The current implementation overwrites the MTP loss value in the total_loss_dict
at each step. Consequently, only the loss from the specific iteration that triggers the logging event is stored. This single loss value is then incorrectly divided by log_interval
, resulting in a reported MTP loss that is artificially low and does not reflect the true average loss over the interval.

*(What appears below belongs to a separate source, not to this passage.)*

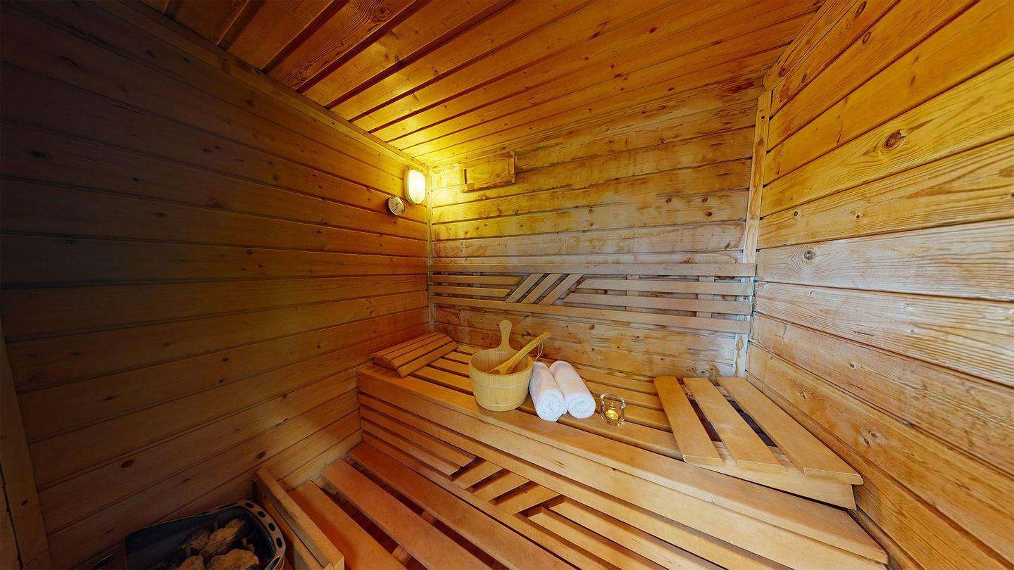 Beide Schlafzimmer sind mit hochwertigen, großen Betten (2 x 2 m), Verdunklungsplissees und Flachbild-Fernseher ausgestattet. Eins der Schlafzimmer hat Zugang zur Dachterrasse mit Saunahaus. Das schöne Badezimmer bietet eine Regendusche und einen großen beleuchteten Wand- und Kosmetikspiegel.

For example, with log_interval=10
, the value logged at step 10 is effectively loss_from_step_10 / 10
instead of the correct (sum_of_losses_from_steps_1_to_10) / 10
.
To Reproduce
Steps to reproduce the behavior:
- Enable Multi-Token Prediction by setting the
--mtp-num-layers
argument to a value greater than 0 (e.g.,--mtp-num-layers 2
). - Set the logging interval to be greater than 1 (e.g.,
--log-interval 10
or--log-interval 100
). - Run training.
- Observe the logged loss values for MTP (e.g.,
'mtp_1 loss'
,'mtp_2 loss'
, etc.). The reported values will be significantly smaller than their expected true average.
Expected behavior
The MTP loss should be accumulated across all steps within a given log_interval
. The logged value should represent the true average MTP loss over that period, allowing for accurate monitoring of the training process.
Stack trace/logs
Not applicable, as this is a silent numerical error in logging, not a crash.

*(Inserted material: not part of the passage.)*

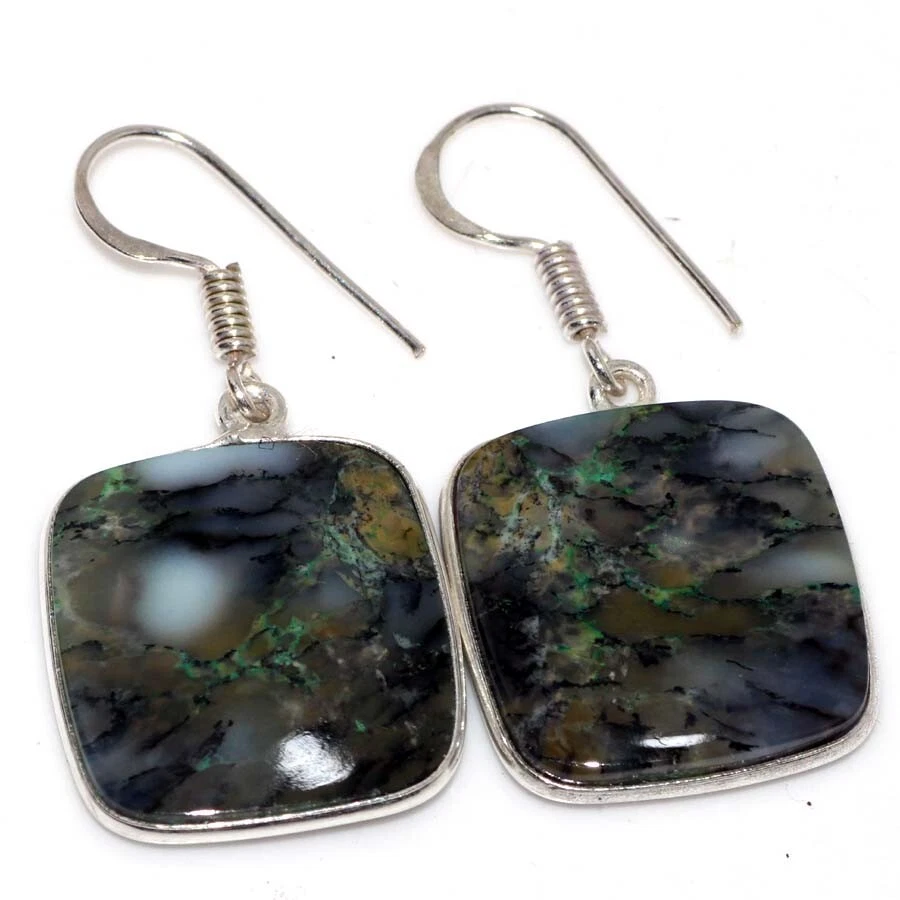 Dendritic Opal 925 Silver Plated Earrings 1.5" Aesthetic Jewellery JW

However, a comparison of log outputs illustrates the issue:
Observed Log (with log_interval=10
and an assumed true average loss of ~1.0):
'mtp_1 loss': 0.1
(This is roughly loss_from_step_10 / 10
)
Expected Log:
'mtp_1 loss': 1
(This would be the correct average over 10 steps)

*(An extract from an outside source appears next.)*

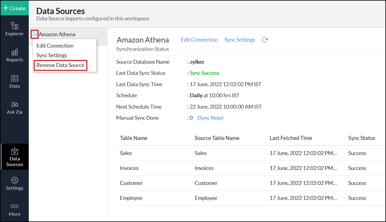 - データソースの名前の上にマウスを置いたときに表示される設定アイコンをクリックし、[データソースの削除]を選択します。
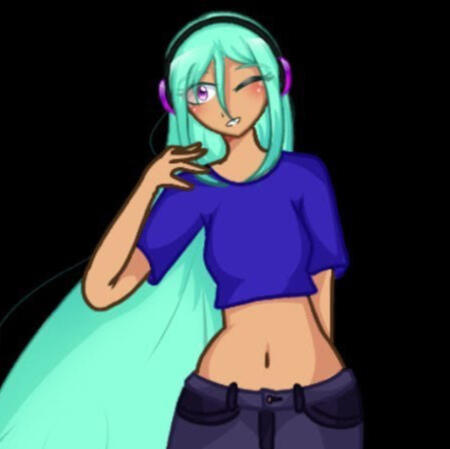 Main attribute/accessory: headphones (black w/ purple neon highlights/decor)

Environment (please complete the following information):
- Megatron-LM commit ID:
3a2a972d9ffd5cee534b761f0803ea1b07389d2f
- Docker version:
nvcr.io/nvidia/pytorch:25.04-py3
Proposed fix
The issue can be resolved by changing the direct assignment of the MTP loss in total_loss_dict
to a conditional accumulation. This ensures that the loss from every step in the interval is summed up before averaging.
I have submitted a Pull Request with the proposed fix: #1684
Additional context
This is purely a logging/monitoring bug. It does not affect the actual model gradients, weight updates, or the main training loss. However, it provides a misleadingly optimistic view of the MTP loss, which can hinder proper model analysis and debugging.